Loss is one of the most difficult human experiences. The feelings are often overwhelming, painful, and difficult to cope with. Grief is the natural response to experiencing a loss—whether it’s the death of a loved one, a health issue, or financial or work-related losses. One of the hardest parts about grieving is that it can feel as though it has no end. When you have experienced a great loss, you may often feel like you will never get over it – as if the pain will never go away and the thoughts that bring you sadness will never subside.
People in our communities have experienced a lot of grief over the last two years. There have been many losses related to health and illness. And there have been many losses with respect to finances and employment.
Although the amount of time spent grieving varies from person to person, the pain of loss does lessen with time. Depending on the circumstances and the type of loss you suffered, you may still think about it months or years later, and the memories may bring you deep sadness, but time really does provide some healing. However, even if you’re in the midst of the most difficult period in your grieving, there are a few strategies that can help you get through the lows. We’ll discuss these coping skills below.
Avoid ignoring the pain. This could make the grieving process last longer.
It’s important to talk about your loss with someone or express your pain in some way.
Bottling up feelings can lead to more intense feelings of sadness and despair. With time, these intense feelings can turn into anger or even apathy. Apathy occurs when emotions are so overwhelming that you might cope by detaching yourself from your own emotions. This can lead to an inability to feel sadness or other negative emotions. But the numbing also means you won’t feel happiness or other positive feelings either. This can occur when you bottle up feelings for long periods. Ignoring the pain can also lead to unhealthy coping mechanisms such as substance abuse.
Talk to Loved Ones
If you have people you trust in your life, talk to them about how you feel. If it makes you uncomfortable to do that, push yourself to do so. The discomfort you feel about opening up is a signal that the difficulty you face in opening up is something you need to overcome.
Talk to a Counselor
If you need to take baby steps to open up to loved ones, talk to a counsellor. Our members enjoy using the counselling services from MindBeacon and our EFAP.
Write About It
If talking about your loss is too painful, start writing about how you feel. Holding on to deep emotions can cause stress leading to increased blood pressure, heart rate, and muscle tension. By writing about those emotions, you can boost immune function as well as mood and well-being.
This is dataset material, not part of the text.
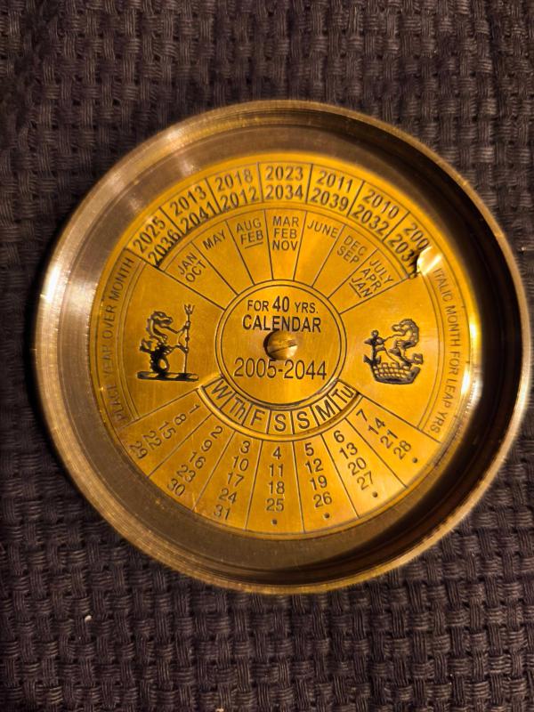 Pirinç ama bronza daha yakın patinesi çok güzel. Pusula aktif sağlam çalışıyor. Diğer kapakta sonsuz takvim. Güncel Mağaza satış fiyatı 3 bin tl üzeridir. Fırsat fiyat.

Organize a Special Event or Activity to Remember a Loved One
If you have lost someone close to you, like a family member or a pet, you can express emotion by doing something special in remembrance of your loved one. This is why rituals like funerals or memorials, although painful to go through, help with the grieving process.
Know that it takes time and don’t pressure yourself because of the time it takes.
Grief is painful not just mentally and emotionally, but also physically. Getting up and going to work might require a major effort. And working in the construction industry means that you really need energy and motivation to do your job. Regardless of if you’re working with your hands or problem solving mentally – grief can deplete your energy. You might struggle to eat or sleep at night, which will inevitably impact your strength and stamina. It can also cause inattention and difficulty concentrating, making it difficult for you to focus on the job and follow directions. Grief can cause an almost constant feeling of anxiety and nervousness, which you might feel through stomach aches, headaches, or bodily aches and pain.
It’s normal to want the grief to pass quickly because it’s extremely painful and interferes with your work and daily life. However, this isn’t something you can rush through. In fact, if you try to force yourself to stop thinking about it or to “feel better,” you might only achieve feeling frustrated and guilty.
Depending on your unique circumstance, the worst and most debilitating stages of grief can take weeks or sometimes months. After a few months, some people are able to get back to normal functioning. But be gentle with yourself. Be patient and allow yourself this time in your life where you might not perform at your usual level. It’s to be expected. Inform your boss or supervisor of what’s going on. Taking some of the pressure off and just focusing on your healing will help you get through this time.